Da série sobre aspones: o chato de se ser um aspone em crise

Prólogo:
Esta é das melhores palavras que alguma vez se inventaram. Aspone. Na minha ingenuidade total (ou mais precisamente, na minha total distracção para esses temas) confesso – não se riam muito – que, a primeira vez que ouvi, achei que uma criatura dessa natureza seria de origem italiana ou isso, José Aspone Silva, talvez nascido em Turim, filho de José Silva, emigrante que tinha conhecido uma Donatella Aspone e a coisa se tinha posto.
Mas não, ali não havia argumento para Visconti, “aspone” era com minúscula e não consigo traduzir a palavra sem me rir:
as-po-ne: assessor de porra nenhuma. Quem inventou a palavra devia ganhar o Óscar da Língua Portuguesa.

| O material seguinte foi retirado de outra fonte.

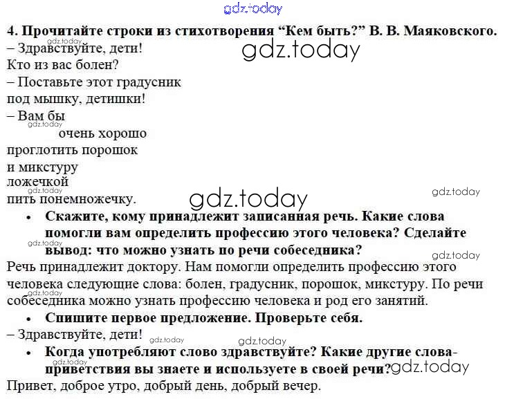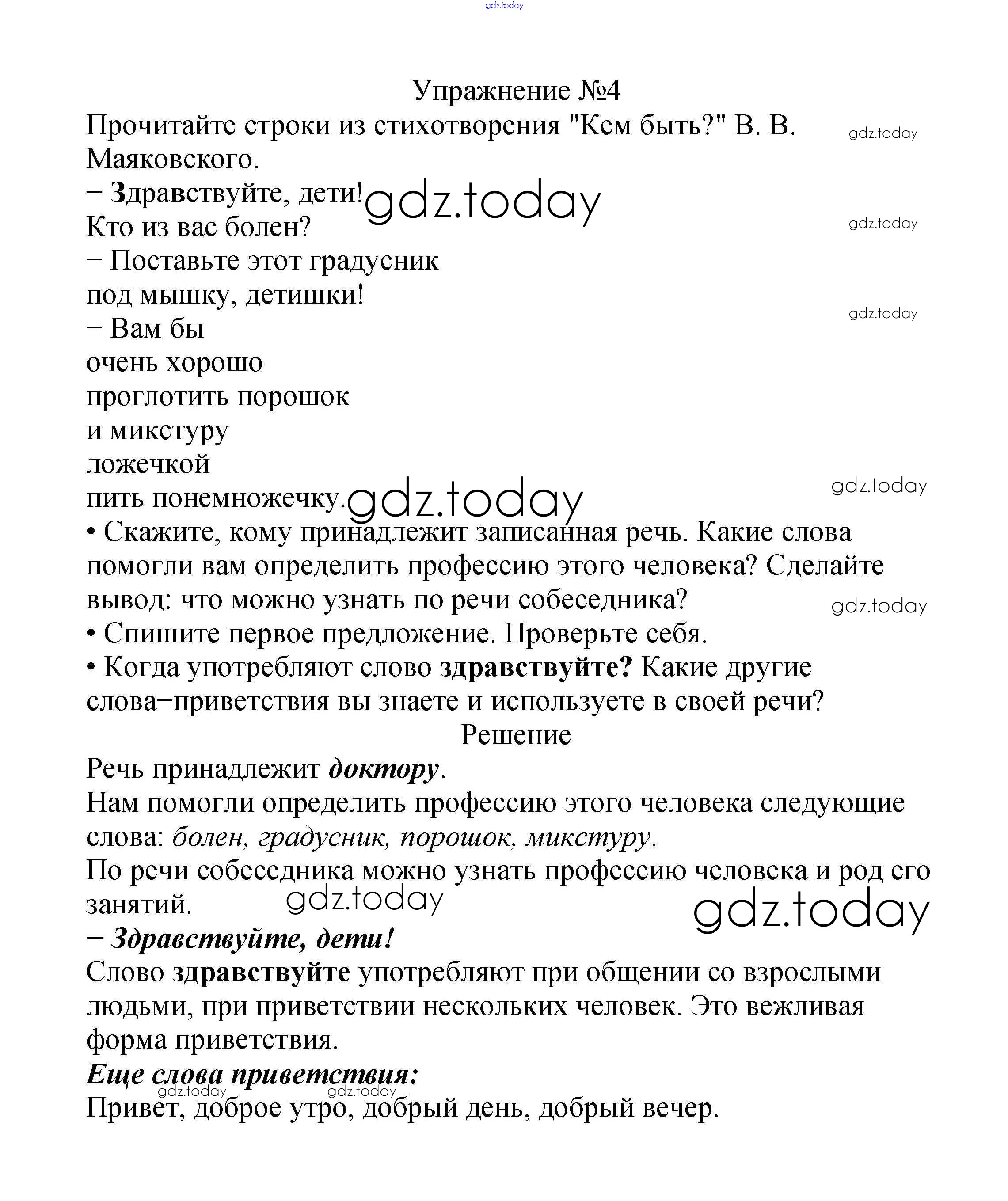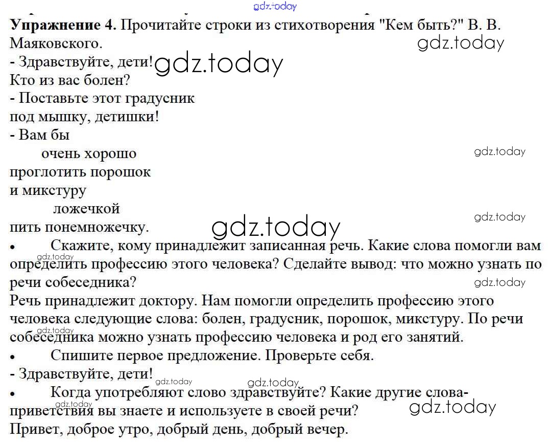 На страницах сайта gdz.today вы найдете учебный и вспомогательный материал, направленный на улучшения знаний школьной программы. ГДЗ - онлайн мир знаний Решение к части №1 (Упражнения) 4 Учебнику по Русскому языку для 2 класса Канакина, Горецкий Просвещение Школа России 2013

Segundo Prólogo (ou Rodapé Catita): ver no final do post.

O Post Propriamente Dito:

É realmente muito aborrecido ser-se um aspone em tempo de crise. Vejamos. Um aspone gasta a sua energia, tempo, esforço e dedicação total para se tornar um aspone de sucesso. Que ele aspones é aos pontapés e, se bem que numa primeira fase se reconheçam, cumprimentem e troquem floreados, numa fase mais ascendente, qualquer aspone que se preze e nunca se desvie do seu objectivo final – ser um aspone de sucesso – irá tentar afastar os concorrentes (outros aspones que tentam também trepar para a mesma prateleira) sem dó nem piedade, embora sempre sorrindo, cumprimentando e atirando flores à cara dos mais abaixo. Tudo isto dá trabalho, coisa que um aspone convicto, na realidade, detesta. Um esforço sobre-aspónico, portanto.

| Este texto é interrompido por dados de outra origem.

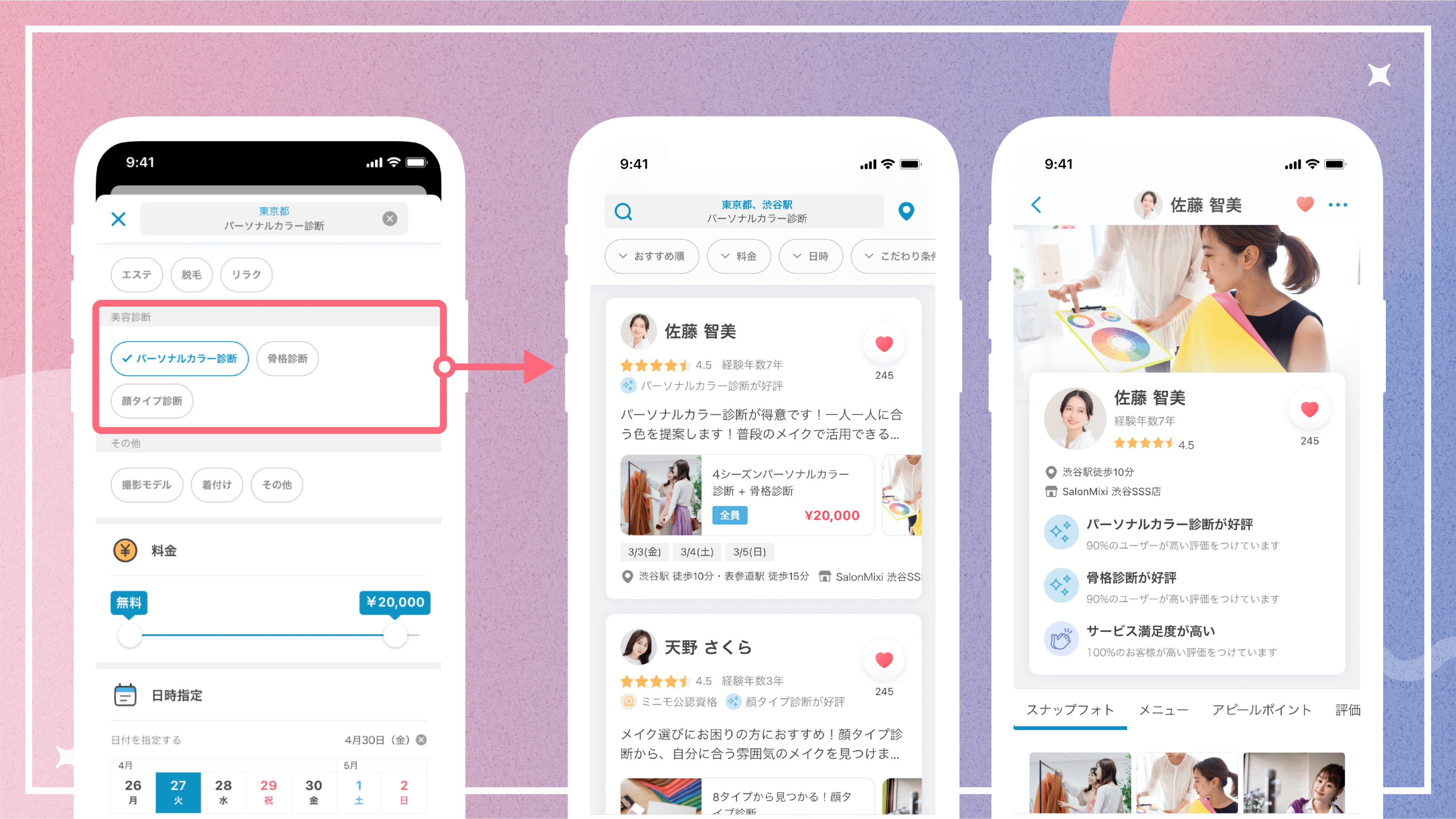 本日より新設された「美容診断」カテゴリ内には、パーソナルカラー診断、骨格診断、顔タイプ診断のメニューがあり、ミニモ上で診断士を検索して直接予約が可能になります。

Chegado à prateleira, senta-se o aspone de sucesso com os seus pares e prepara-se para finalmente retirar os frutos da sua luta e labuta. Que diabo, é merecido que agora receba aquilo que lhe é devido. E que, durante a curva ascendente, tenha verificado que outros aspones, já na fase prateleira-de-sucesso, tenham também recebido. Pode ser muita coisa e não vamos entrar agora em detalhes sobre as aspirações de um aspone de sucesso, serão de certeza coisas muito importantes, quer materiais, quer imateriais; no entanto, não sendo isso que está em causa, está em causa a capacidade de lhe serem atribuídos os prémios de primeiro lugar na corrida para aquele canto da prateleira-de-sucesso por quem de direito.

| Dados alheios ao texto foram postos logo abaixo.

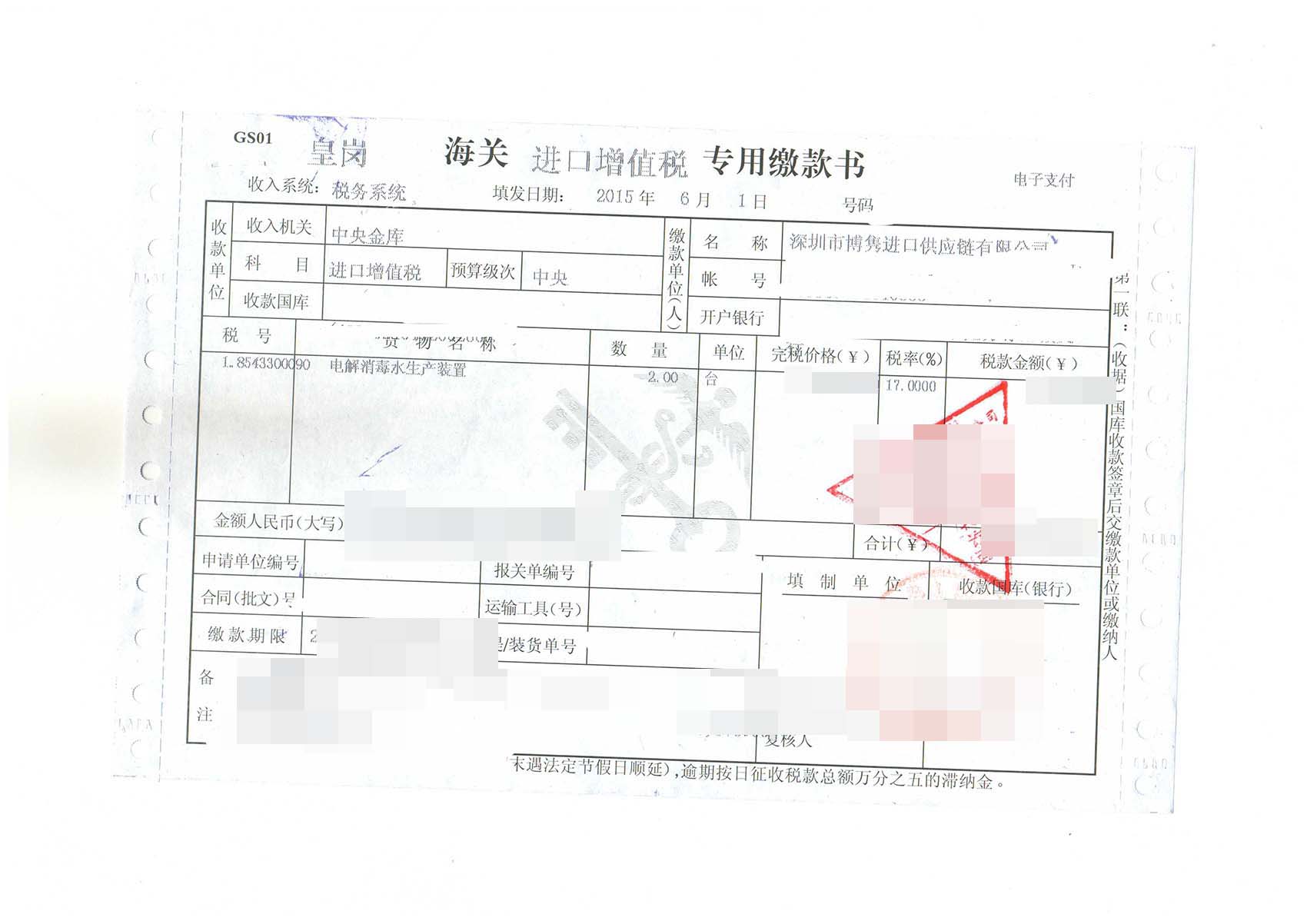 三、電解消毒水生產裝置進口報關案例展示

Ora o que acontece é, bem, o que acontece é a crise. A crise é uma coisa aborrecidíssima, que causa maçadas à vida das pessoas, queixumes de quem não tem as prioridades bem estruturadas (na opinião de um aspone) e, enfim, é chato. Mas o que é verdadeiramente chato é quando a crise se chega à beirinha da prateleira-de-sucesso de aspones. Isso sim, isso é A CRISE. Como é que é possível que isso aconteça, naquele preciso momento em que aquele aspone ia receber as suas recompensas todas?! Tá mal, pois claro que tá mal e é muito injusto! Tanto aspone antes que tirou tanto e agora já não há? Isso é inaceitável, absolutamente inaceitável. Há que rapar o fundo ao tacho antes que acabe. E é exactamente o que aquele aspone irá fazer.

[Moral da história: aqui os ratos não são os primeiros a sair do navio que afunda. São, mas não sem antes esventrarem o navio todinho; antes de sairem, irão roer a vela e o mastro e quem sabe até a quilha; se afundar mais depressa, terão pena, mas o que já cá canta, já cá canta.]

Rodapé Catita: “Da série sobre Aspones”: série dedicada a uma minoria em crescimento da população, cujo processo de extinção se torna cada vez mais premente assegurar.